- [What is being asked]
Write the records below out again word for word, with the pictures removed.

Stored dataset items
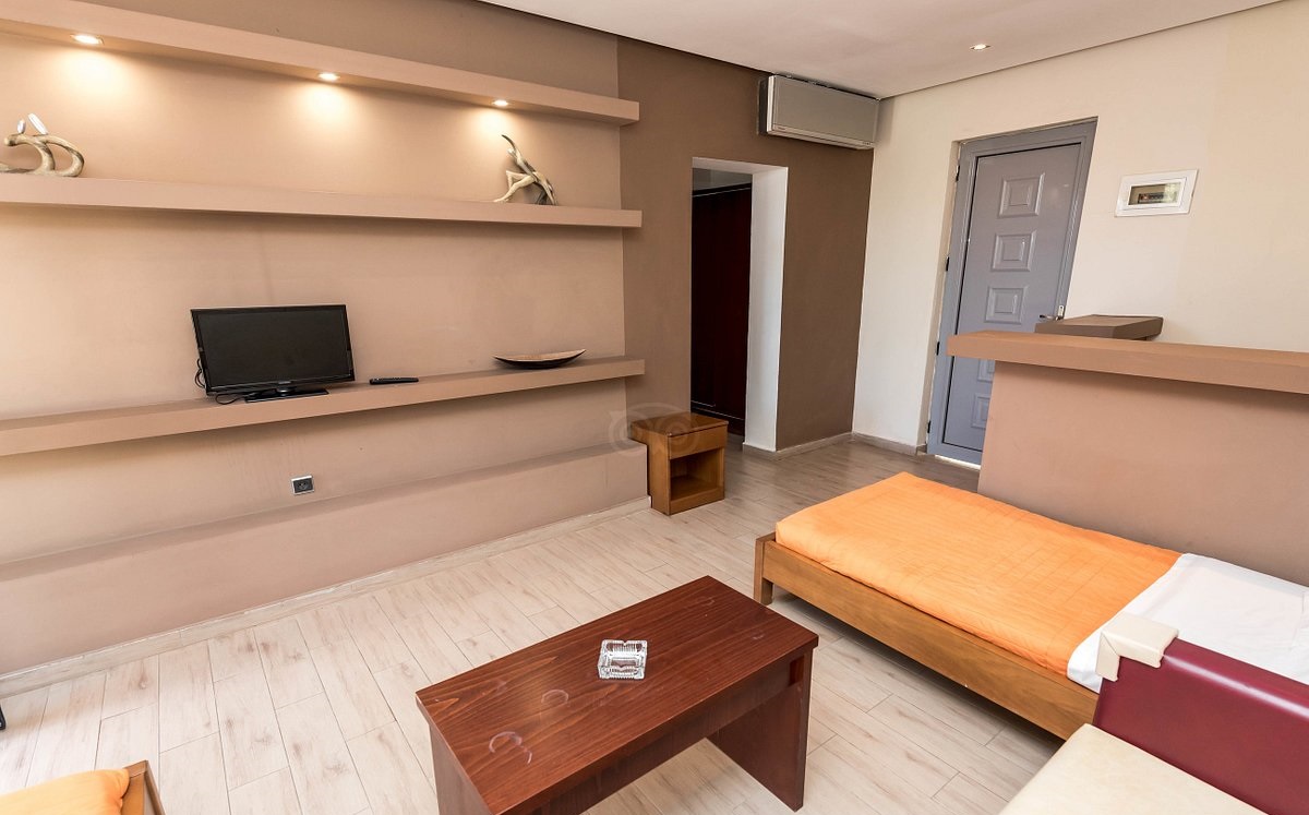 Нови и модерни двокреветни соби во главната хотелска зграда и приватни бунгалови сместени веднаш до главната хотелска зграда кои нудат фасцинантен поглед кон заливот Ахладис и Егејското Море.
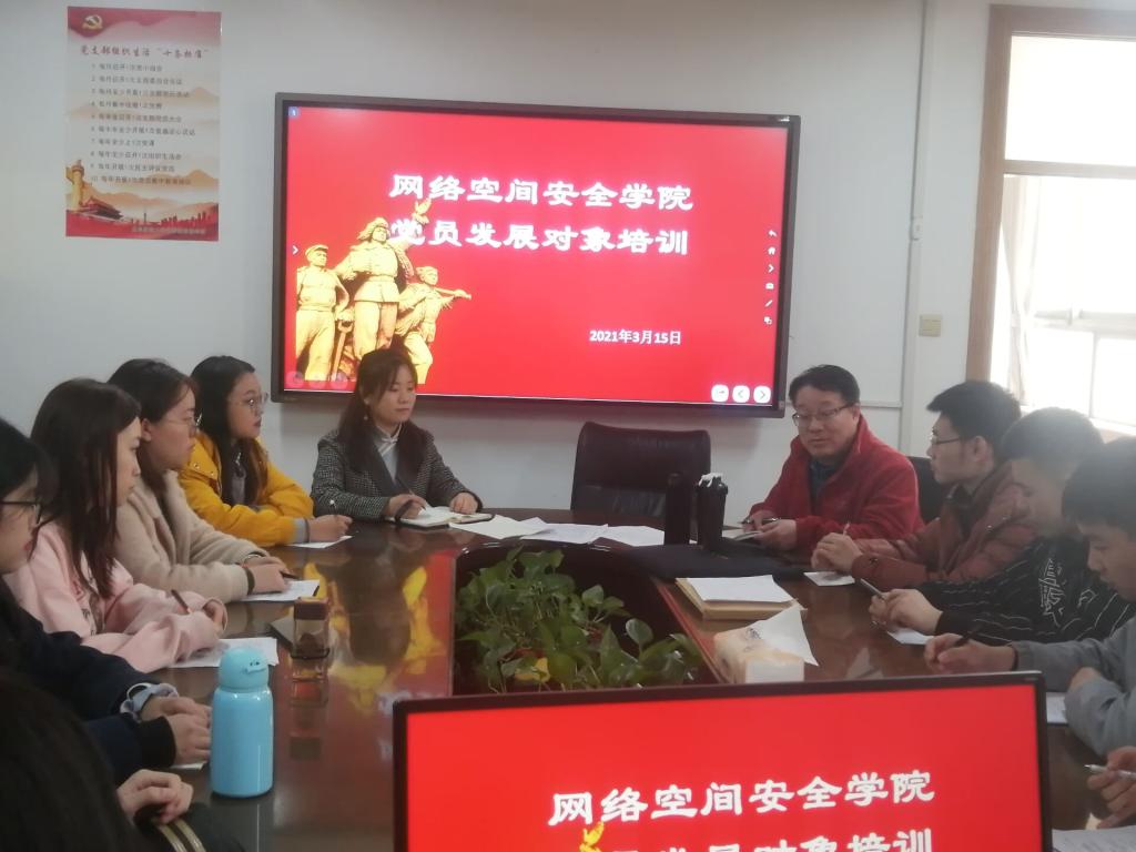在会议室举行了党员发展对象培训会议。学院党委副书记、本科生党支部书记田凯、辅导员洪亚玲、丁允念老师以及党员发展对象参加此次会议。
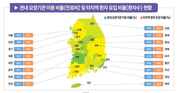 국회 보건복지위원회 소속 더불어민주당 장종태 의원(대전 서구을)에 따르면 2023년 빅5 병원을 찾은 환자는 266만 146명인데 이 중 비수도권 환자가 차지하는 비율은 27.1%(72만 1930명)였다. 이 비율은 2020년 25.5%, 2021년 25.8%, 2022년 26.6% 등 해마다 늘고 있는 추세다. 원정 진료 환자는 2020년 59만 3577명에서 4년 새 21.6% 늘었는데 이는 수도권 환자 수 증가율(11.9%)과 비교해 2배나 높다. 환자 1인당 진료비는 비수도권 환자(평균 326만 원)가 수도권 환자(217만 원)보다 100만 원 이상 많은데 비수도권 환자들은 원정을 위한 장거리 이동과 숙박 등의 불편 등을 감수하고라도 기꺼이 서울로 향하고 있다. 지방 환자들이 교통비와 숙박비를 포함해 이중, 삼중의 비용을 들여가며 서울 의료기관, 특히 빅5 병원으로 향하는 건 지방 의료인프라가 그만큼 상대적 열세에 놓여 있다는 방증이다.
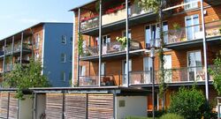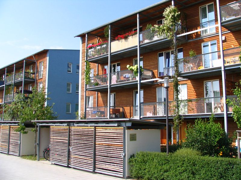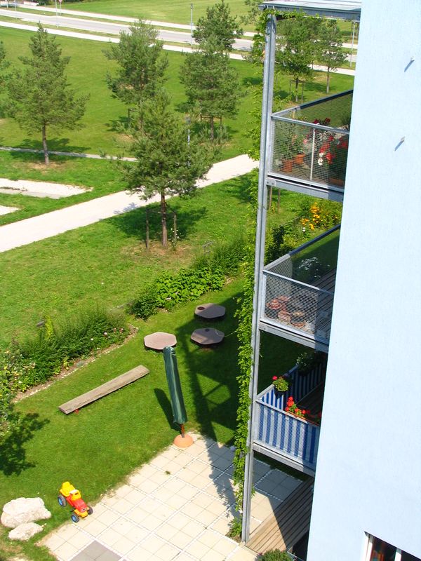 Das Neubauprojekt in der Messestadt Riem verfolgt von Anfang an das Ziel, ökologisches, kosten- und flächensparendes Bauen sowie autoreduziertes Wohnen zu verknüpfen. Für 28 Wohnungen stehen sechs Stellplätze zur Verfügung.
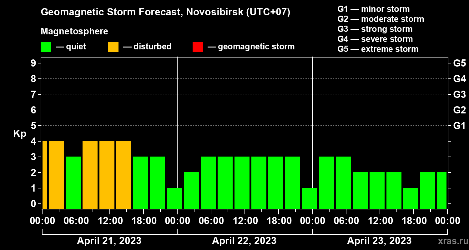 Geomagnetic storm forecast in Novosibirsk for Apr 21, 2023
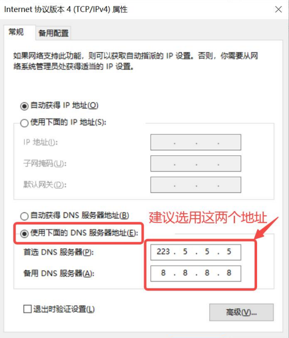 第五步,如下图所示,把页面中的“使用下面的?DNS?服务器地址”勾选上,然后输入图中红色方框所呈现的网络地址。
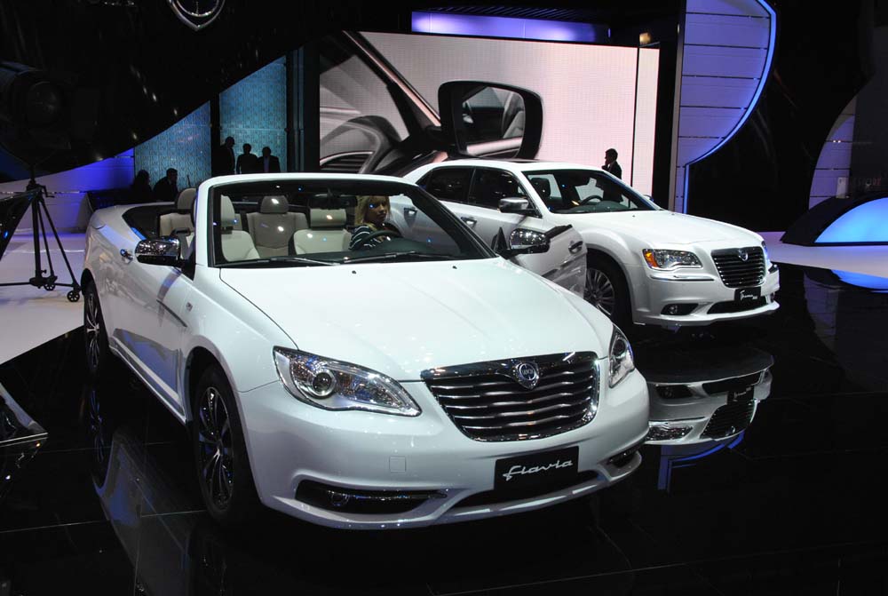 Hvězdou expozice je finální verze modelu Flavia Cabrio, který se na hlavních evropských trzích objeví už tento měsíc. Okouzlující model navržený v souladu se stylem značky Lancia vychází z Chrysleru 200. je vybaven zážehovým motorem 2.4 o výkonu 175 k a pracuje ve spojení s šestistupňovou automatickou převodovkou. Veřejnost může obdivovat hned dva modely – jeden v jasně bílé barvě a s interiérem v dvoubarevném černobílém koženém čalounění, druhý v šedém odstínu Mineral s černým koženým čalouněním. Obě vozidla jsou charakteristická bohatou standardní výbavou all-inclusive.

- [Reply to the task]
 Нови и модерни двокреветни соби во главната хотелска зграда и приватни бунгалови сместени веднаш до главната хотелска зграда кои нудат фасцинантен поглед кон заливот Ахладис и Егејското Море.
在会议室举行了党员发展对象培训会议。学院党委副书记、本科生党支部书记田凯、辅导员洪亚玲、丁允念老师以及党员发展对象参加此次会议。
 국회 보건복지위원회 소속 더불어민주당 장종태 의원(대전 서구을)에 따르면 2023년 빅5 병원을 찾은 환자는 266만 146명인데 이 중 비수도권 환자가 차지하는 비율은 27.1%(72만 1930명)였다. 이 비율은 2020년 25.5%, 2021년 25.8%, 2022년 26.6% 등 해마다 늘고 있는 추세다. 원정 진료 환자는 2020년 59만 3577명에서 4년 새 21.6% 늘었는데 이는 수도권 환자 수 증가율(11.9%)과 비교해 2배나 높다. 환자 1인당 진료비는 비수도권 환자(평균 326만 원)가 수도권 환자(217만 원)보다 100만 원 이상 많은데 비수도권 환자들은 원정을 위한 장거리 이동과 숙박 등의 불편 등을 감수하고라도 기꺼이 서울로 향하고 있다. 지방 환자들이 교통비와 숙박비를 포함해 이중, 삼중의 비용을 들여가며 서울 의료기관, 특히 빅5 병원으로 향하는 건 지방 의료인프라가 그만큼 상대적 열세에 놓여 있다는 방증이다.
 Das Neubauprojekt in der Messestadt Riem verfolgt von Anfang an das Ziel, ökologisches, kosten- und flächensparendes Bauen sowie autoreduziertes Wohnen zu verknüpfen. Für 28 Wohnungen stehen sechs Stellplätze zur Verfügung.
 Geomagnetic storm forecast in Novosibirsk for Apr 21, 2023
 第五步,如下图所示,把页面中的“使用下面的?DNS?服务器地址”勾选上,然后输入图中红色方框所呈现的网络地址。
 Hvězdou expozice je finální verze modelu Flavia Cabrio, který se na hlavních evropských trzích objeví už tento měsíc. Okouzlující model navržený v souladu se stylem značky Lancia vychází z Chrysleru 200. je vybaven zážehovým motorem 2.4 o výkonu 175 k a pracuje ve spojení s šestistupňovou automatickou převodovkou. Veřejnost může obdivovat hned dva modely – jeden v jasně bílé barvě a s interiérem v dvoubarevném černobílém koženém čalounění, druhý v šedém odstínu Mineral s černým koženým čalouněním. Obě vozidla jsou charakteristická bohatou standardní výbavou all-inclusive.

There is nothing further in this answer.